§ Records for the exercise:
>>>

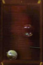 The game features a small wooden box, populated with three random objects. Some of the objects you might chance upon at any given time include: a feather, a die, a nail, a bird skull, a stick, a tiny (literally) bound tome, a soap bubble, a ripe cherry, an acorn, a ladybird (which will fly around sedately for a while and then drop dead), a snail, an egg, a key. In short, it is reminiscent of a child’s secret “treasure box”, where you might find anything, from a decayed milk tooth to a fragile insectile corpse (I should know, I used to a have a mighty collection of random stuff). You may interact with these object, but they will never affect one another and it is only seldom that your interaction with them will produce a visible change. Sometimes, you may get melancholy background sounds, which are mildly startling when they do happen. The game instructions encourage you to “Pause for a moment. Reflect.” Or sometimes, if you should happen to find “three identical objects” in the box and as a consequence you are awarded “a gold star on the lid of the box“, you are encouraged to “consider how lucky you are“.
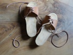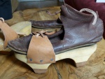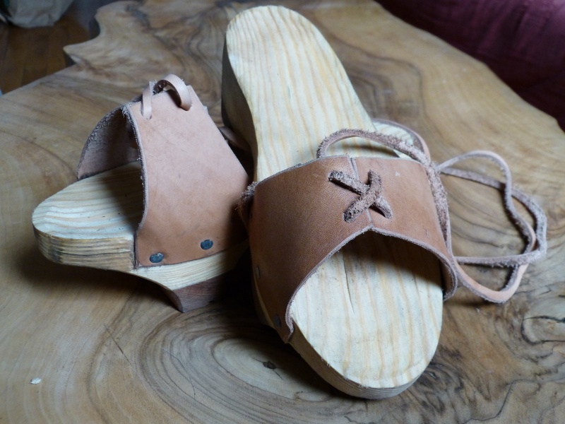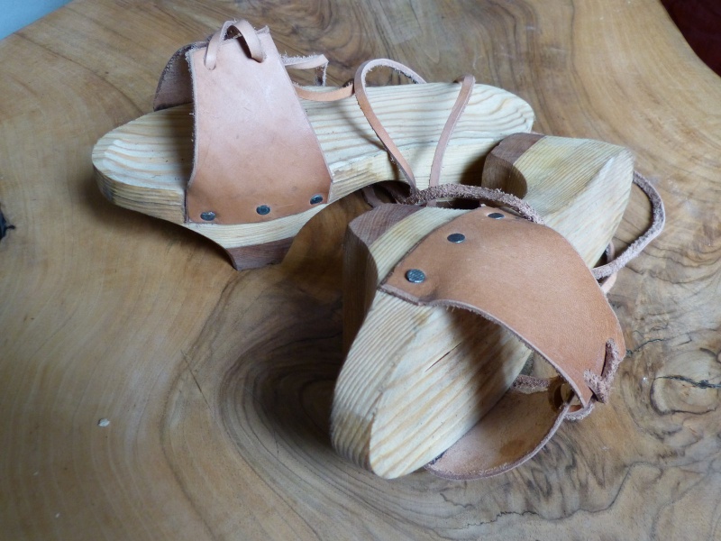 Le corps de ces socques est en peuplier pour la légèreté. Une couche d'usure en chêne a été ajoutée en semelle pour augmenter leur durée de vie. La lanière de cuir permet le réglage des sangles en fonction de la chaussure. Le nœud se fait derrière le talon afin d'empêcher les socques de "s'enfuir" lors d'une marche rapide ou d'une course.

<<<
>>>

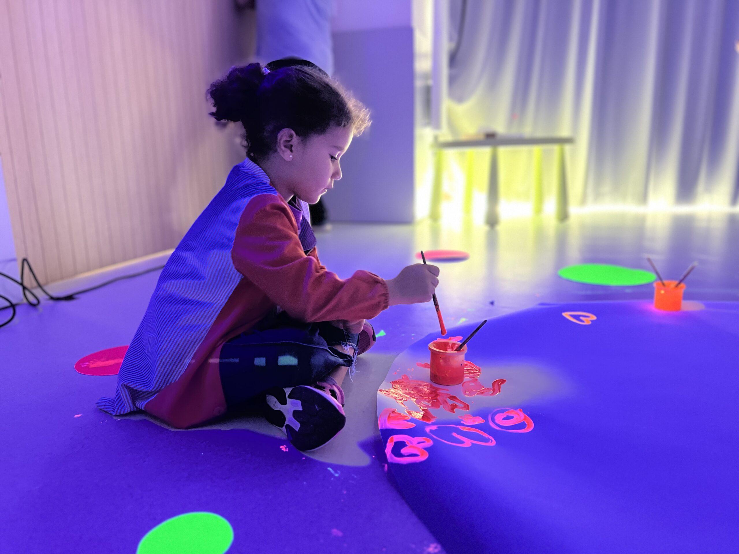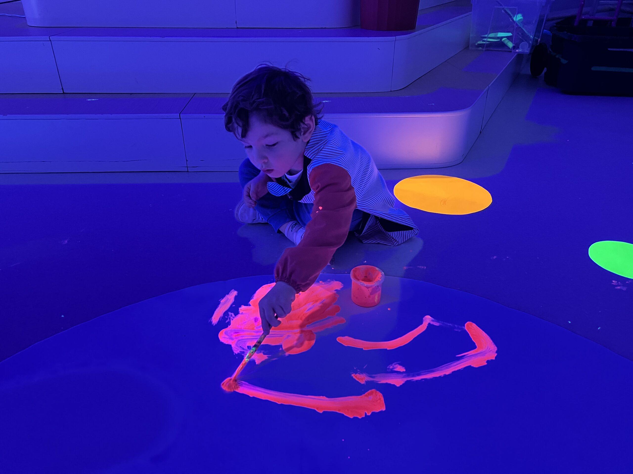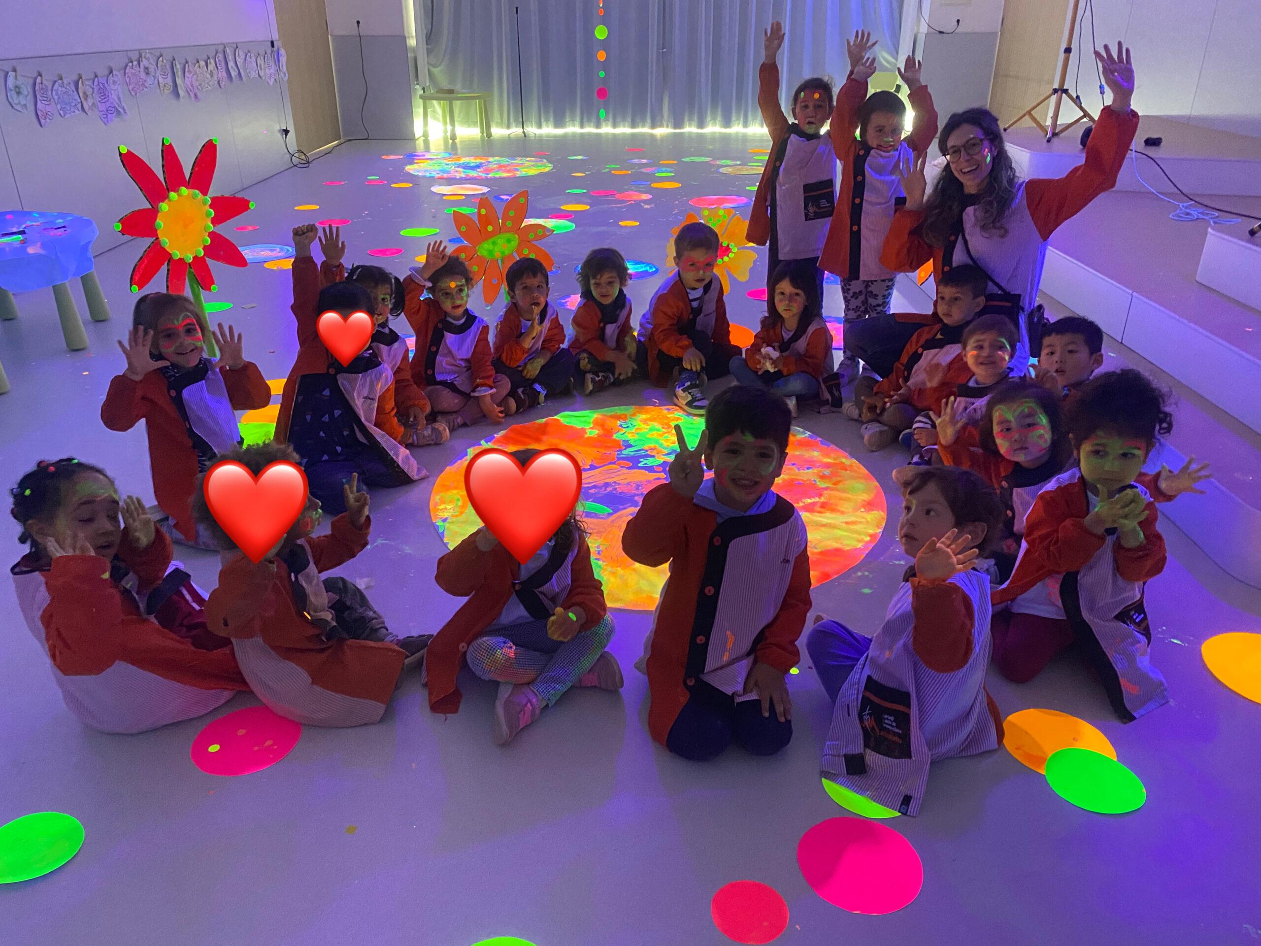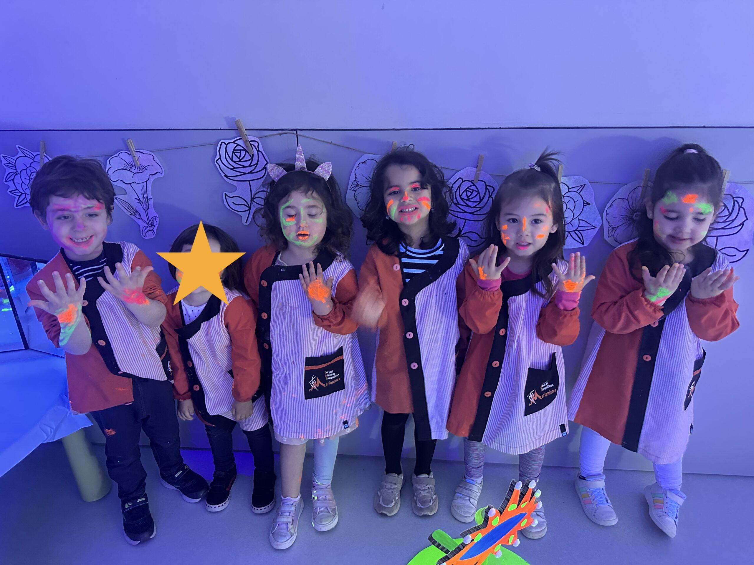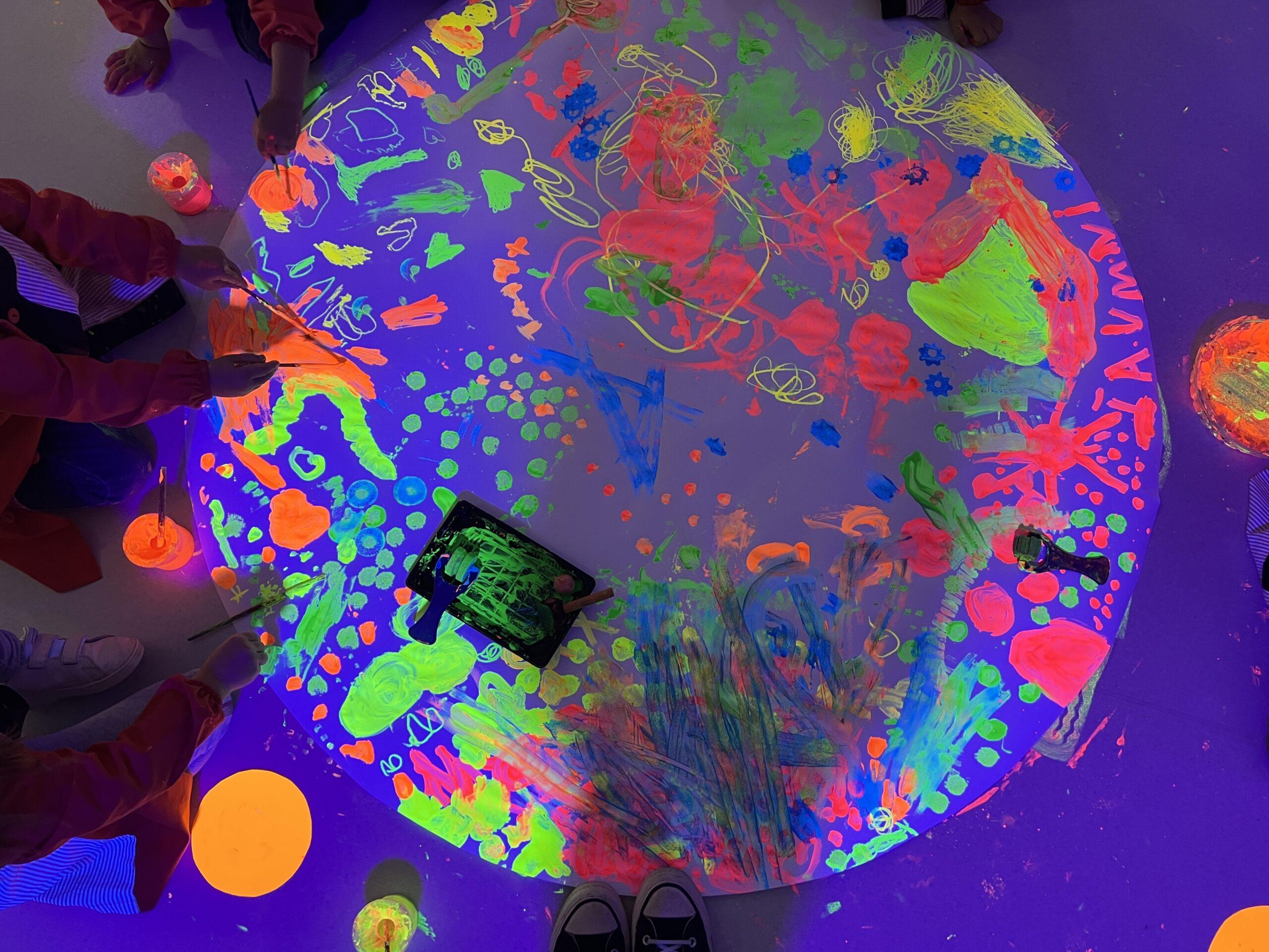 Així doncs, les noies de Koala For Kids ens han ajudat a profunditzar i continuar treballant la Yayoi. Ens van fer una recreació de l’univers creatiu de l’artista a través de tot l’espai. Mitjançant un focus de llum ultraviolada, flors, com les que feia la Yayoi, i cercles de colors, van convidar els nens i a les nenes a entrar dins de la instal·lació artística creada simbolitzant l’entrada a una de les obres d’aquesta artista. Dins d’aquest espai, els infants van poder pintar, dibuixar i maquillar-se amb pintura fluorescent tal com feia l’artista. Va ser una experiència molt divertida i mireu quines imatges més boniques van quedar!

<<<
>>>

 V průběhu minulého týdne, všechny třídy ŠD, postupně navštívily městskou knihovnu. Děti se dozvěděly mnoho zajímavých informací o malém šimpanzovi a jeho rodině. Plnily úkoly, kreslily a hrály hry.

<<<

§ What to do: Everything above from the line that has "The game features" down to the line that has "Le corps de" should be output exactly, with both of those lines included. Leave the pictures behind.

§ Your solution:
 The game features a small wooden box, populated with three random objects. Some of the objects you might chance upon at any given time include: a feather, a die, a nail, a bird skull, a stick, a tiny (literally) bound tome, a soap bubble, a ripe cherry, an acorn, a ladybird (which will fly around sedately for a while and then drop dead), a snail, an egg, a key. In short, it is reminiscent of a child’s secret “treasure box”, where you might find anything, from a decayed milk tooth to a fragile insectile corpse (I should know, I used to a have a mighty collection of random stuff). You may interact with these object, but they will never affect one another and it is only seldom that your interaction with them will produce a visible change. Sometimes, you may get melancholy background sounds, which are mildly startling when they do happen. The game instructions encourage you to “Pause for a moment. Reflect.” Or sometimes, if you should happen to find “three identical objects” in the box and as a consequence you are awarded “a gold star on the lid of the box“, you are encouraged to “consider how lucky you are“.
 Le corps de ces socques est en peuplier pour la légèreté. Une couche d'usure en chêne a été ajoutée en semelle pour augmenter leur durée de vie. La lanière de cuir permet le réglage des sangles en fonction de la chaussure. Le nœud se fait derrière le talon afin d'empêcher les socques de "s'enfuir" lors d'une marche rapide ou d'une course.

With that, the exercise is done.